Work instructions: Go through the listing that follows and write it out exactly. Drop the pictures.

Supplied material:
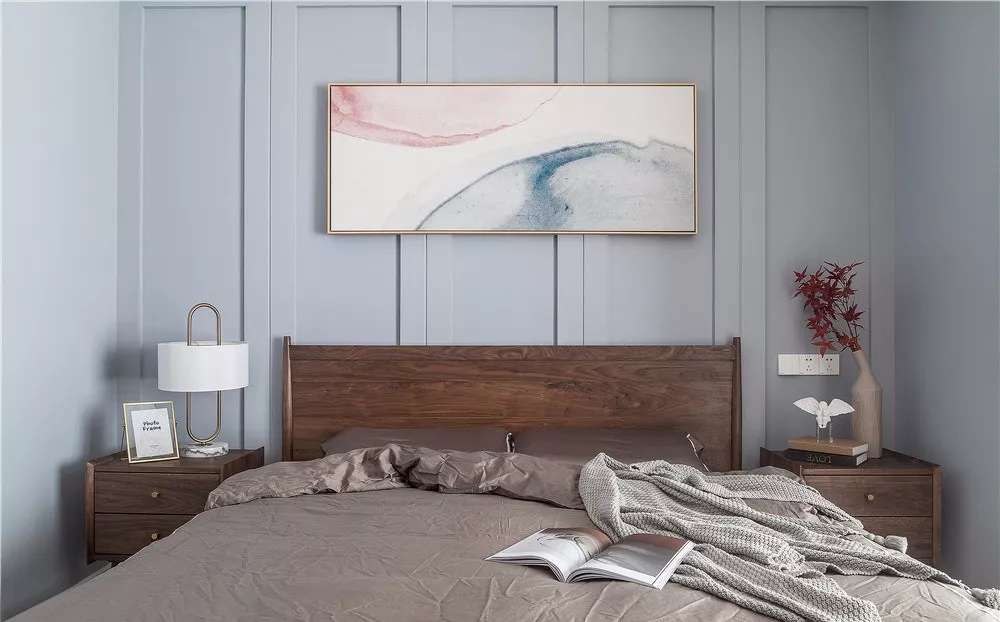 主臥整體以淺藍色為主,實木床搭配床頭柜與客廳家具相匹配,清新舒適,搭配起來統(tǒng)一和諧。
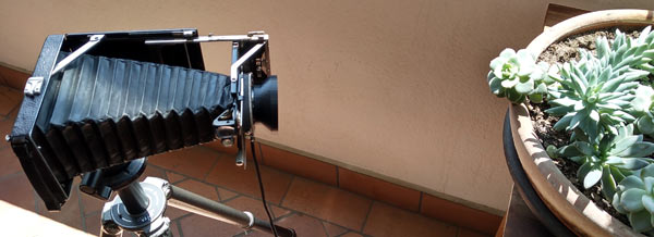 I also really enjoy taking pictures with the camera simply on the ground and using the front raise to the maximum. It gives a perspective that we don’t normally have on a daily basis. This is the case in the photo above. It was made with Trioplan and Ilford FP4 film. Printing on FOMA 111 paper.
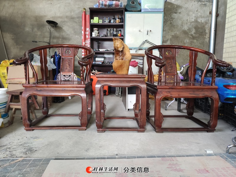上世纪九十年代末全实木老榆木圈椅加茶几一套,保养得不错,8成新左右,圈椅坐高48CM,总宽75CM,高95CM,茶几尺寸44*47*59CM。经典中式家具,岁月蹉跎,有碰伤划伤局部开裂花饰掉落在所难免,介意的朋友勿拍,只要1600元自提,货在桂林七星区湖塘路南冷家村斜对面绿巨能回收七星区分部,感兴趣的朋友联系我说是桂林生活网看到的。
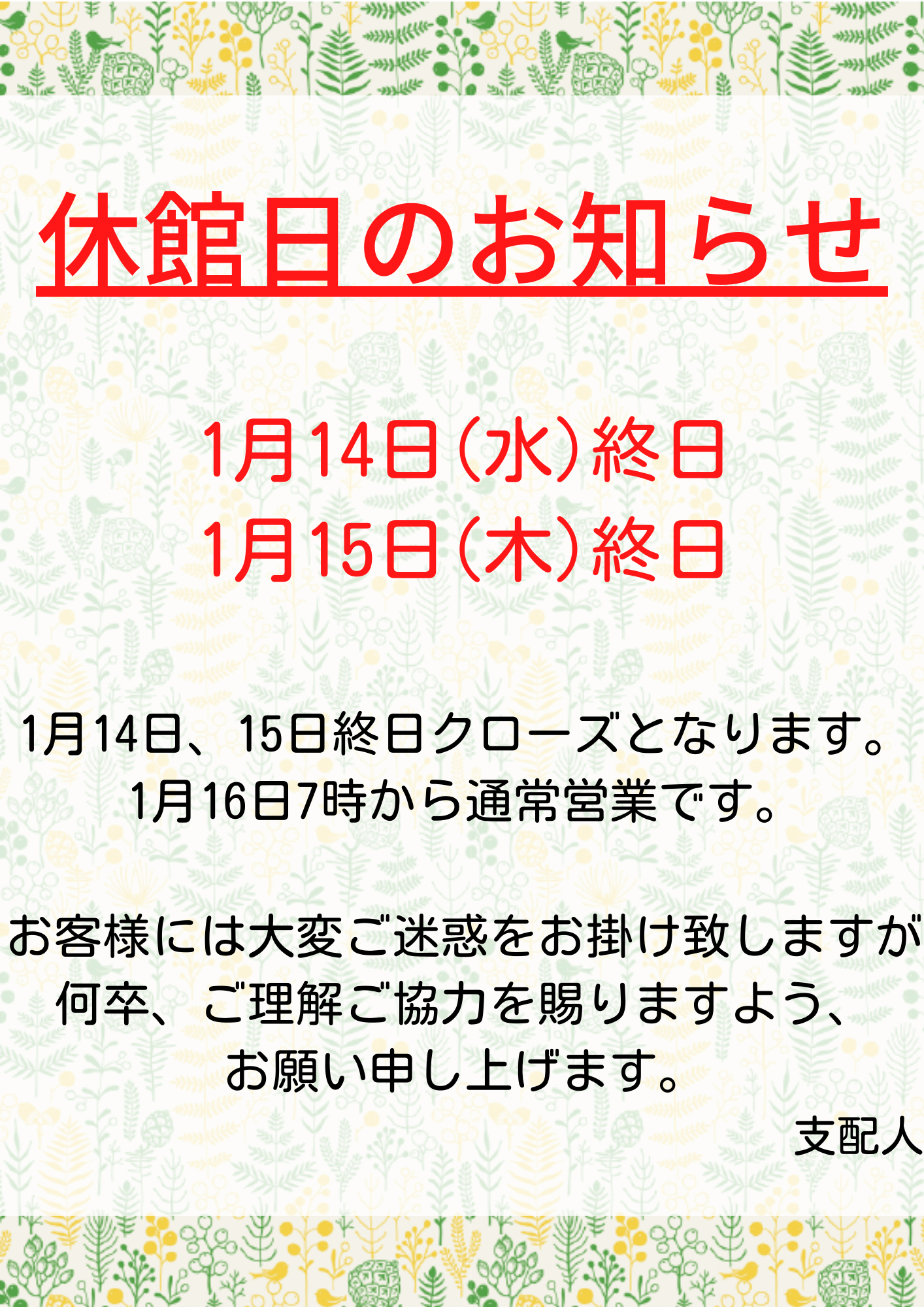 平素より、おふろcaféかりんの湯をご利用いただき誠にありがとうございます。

Solution to this task:
 主臥整體以淺藍色為主,實木床搭配床頭柜與客廳家具相匹配,清新舒適,搭配起來統(tǒng)一和諧。
 I also really enjoy taking pictures with the camera simply on the ground and using the front raise to the maximum. It gives a perspective that we don’t normally have on a daily basis. This is the case in the photo above. It was made with Trioplan and Ilford FP4 film. Printing on FOMA 111 paper.
上世纪九十年代末全实木老榆木圈椅加茶几一套,保养得不错,8成新左右,圈椅坐高48CM,总宽75CM,高95CM,茶几尺寸44*47*59CM。经典中式家具,岁月蹉跎,有碰伤划伤局部开裂花饰掉落在所难免,介意的朋友勿拍,只要1600元自提,货在桂林七星区湖塘路南冷家村斜对面绿巨能回收七星区分部,感兴趣的朋友联系我说是桂林生活网看到的。
 平素より、おふろcaféかりんの湯をご利用いただき誠にありがとうございます。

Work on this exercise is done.